What is an Open Redirect?

We often encounter Open Redirects when we talk about web exploitation, during an audit or a pentest. Very often, it is caused by a lack of input sanitization - so it often happens that the same parameter is also vulnerable to XSS, or even SSRF.

Often considered a minor issue in terms of pure security, the last few years have shown that it can be a major problem in terms of phishing and SEO poisoning.

Here is a simple definition:

An Open Redirect is an unwanted redirection, without user interaction, from site A to site B.

And because nothing beats an example, here is an OR that I found at the time:

https://www.notamweb.aviation-civile.gouv.fr/Script/IHM/Com_Chargement.php?URL=https://google.fr/humans.txt

Thanks to the Direction Generale de l’Aviation Civile for the involuntary collaboration with this article. Well done for having patched it quickly.

If you take this link and click on it, you get redirected to the Google site without your consent, when you were supposed to click on a civil aviation link. That is an OR.

Open Redirect and Phishing

You should see where this is going. With an OR on site A - a respectable, credible site with real activity - and site B being a malicious, recent phishing website, we can bypass defensive services.

If, for example, you were thinking of implementing a domain age system to combat spam and phishing, know that you should also check the redirect chain. If you classically extract the domain value in an OR case, the extracted domain will be domain A and not the malicious domain B.

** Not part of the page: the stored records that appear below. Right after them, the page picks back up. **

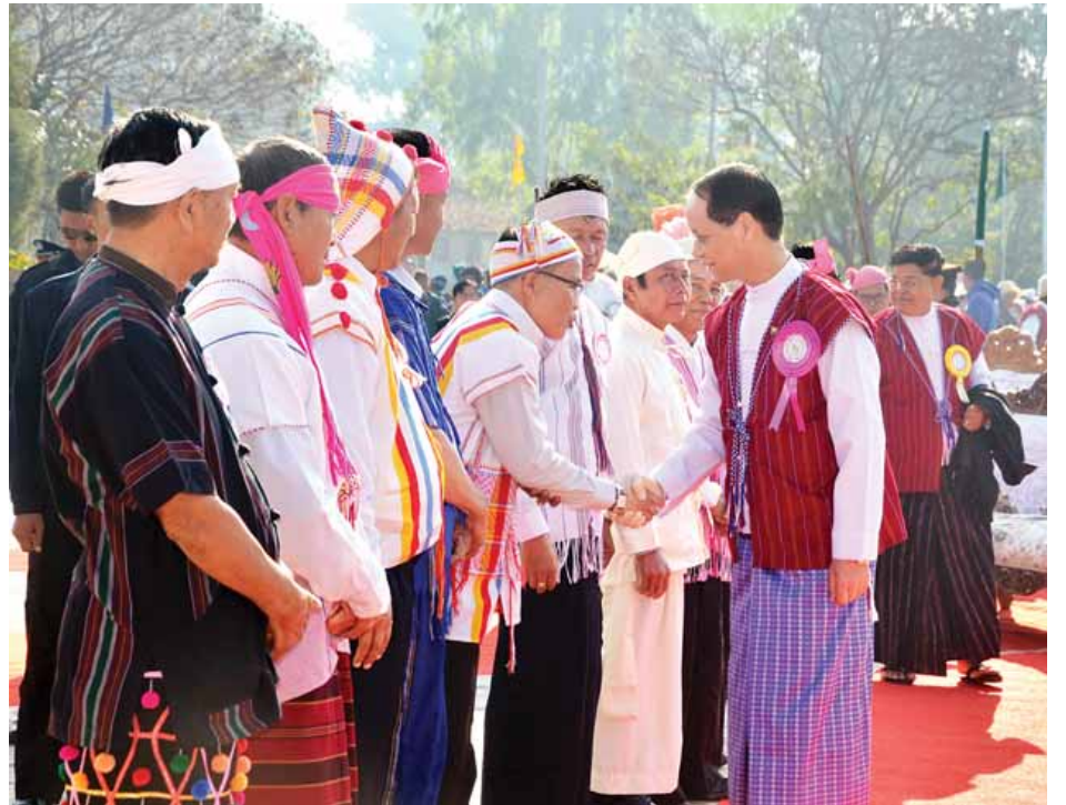
ဒုတိယသမ္မတ ဒေါက်တာစိုင်းမောင်ခမ်း ကယားပြည်နယ်နေ့ အခမ်းအနားသို့ တက်ရောက်လာသည့် ဒေသခံ ပြည်သူများအား ရင်းရင်းနှီးနှီး နှုတ်ဆက်စဉ်။ (သတင်းစဉ်)

ပထမဦးဆုံးသော ကယားပြည်နယ်နေ့ အခမ်းအနား ကို ၁၉၅၂ ခုနှစ် ဇန်နဝါရီ ၁၅ ရက်တွင် ကယားပြည်နယ် ၏ နာမကရဏသဘင်အဖြစ် စည်ကားသိုက်မြိုက်စွာ စတင်ကျင်းပခဲ့ရာ ယနေ့ဆိုလျှင် (၆၄) နှစ်မြောက်ခဲ့ပြီ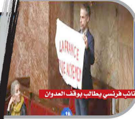
نائب فرنسي يطالب بوقف العدوان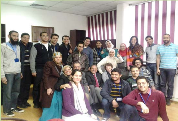
المشاركون في الدورة التدريبية - مركز تهيئة فرص العمل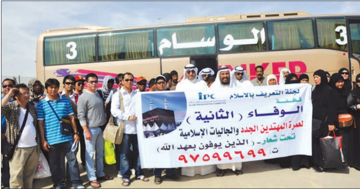
انطلاق قافلة الوقفاء الثانية للعمرة

تُزور ملكة السويد ورئيسة مؤسسة منقور العالمية الملكة سيلفيا «لويك» لإقامة مؤتمر صحافي ولقاء عدد من الطلبة والشباب بحضور الأمير تركي بن طلال ووزير الإعلام الشيخ سلمان الحمود ووزير التربية د. نايف الحجرف وعدد من الشخصيات، وذلك في الساعة 11:30 من صباح اليوم السبت في مقر لويك - المدرسة القبلية - شارع علي السالم.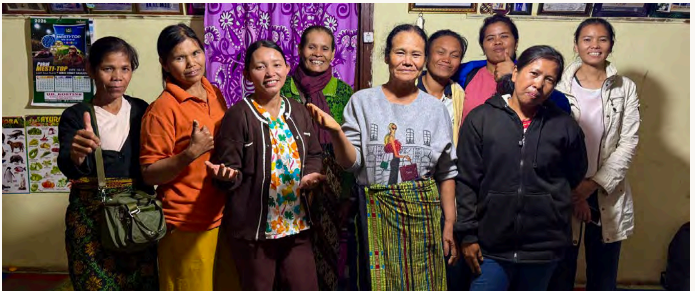
KELOMPOK INA MANADUMA DARI PANDUMAAN-SIPITUHUTA

Perjuangan itu menuntut pengorbanan yang tidak sedikit. Waktu, tenaga, pikiran, bahkan biaya pribadi harus mereka keluarkan. Tidak jarang mereka meninggalkan keluarga selama sehari-hari untuk mengikuti aksi, rapat, dan advokasi hingga ke ibu kota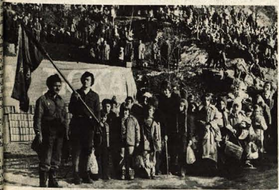
Udeleženci, ki so startali iz Soteske pri Bohinju, so morali do partizanskih Dražgoš prehoditi dvanajst kilometrov dolgo pot. Med udeleženci pohoda je bilo tudi petinšestdeset tabornikov iz jeseniškega taborniškega odreda. Med njimi je bilo tudi izredno veliko število mladih, pionirjev, ki se niso ustrašili dolgega pohoda.

Let’s take a concrete example with a real phishing page from an ongoing campaign (at the time of writing):

Phishing page impersonating Amazon

This is clearly a phishing page, styled to look like Amazon because I chose Amazon via the GET logo parameter. This campaign did not only target Amazon but also french companies.

For reference, the malicious URL is:

https://busysong.com/sf/tpl9/0?click_id=&item=J9N&logo=amazon&pub_id=&session_id=

I tested it on urlscan.io:

Urlscan.io result confirming phishing

And on isitphishing.ai from Vade:

Vade isitphishing.ai check

At the time, this was not yet detected by this solution - but the overall idea is clear. We have an obvious phishing page with a bad domain.

The bypass in action

Now let’s take an OR used by an ongoing phishing campaign, combined with the phishing URL above:

http://social.bigpress.net/api/emailtrack/click?goto=https://busysong.com/sf/tpl9/0?click_id=&item=J9N&logo=amazon&pub_id=&session_id=

Both links point to the same phishing page. But in the second case, the OR causes standard URL parsing to consider the domain as bigpress.net and not the actual destination busysong.com.

Here is a quick experiment using Python’s urllib library to extract the domain value:

urllib showing that the open redirect domain is parsed instead of the destination

The parsing returns bigpress.net - a legitimate domain - while the user actually ends up on the phishing page.

Takeaways

  • Domain reputation alone is not a reliable defense against phishing
  • Open Redirects on legitimate websites give attackers a free pass through domain-based filters
  • Any URL parsing that does not follow redirect chains can be fooled
  • This method can be combined with other techniques (HTML link disguise, URL shorteners) for even better evasion

The fix is straightforward: sanitize redirect parameters, validate destination URLs against a whitelist, and make sure your phishing defenses inspect the full redirect chain - not just the first domain.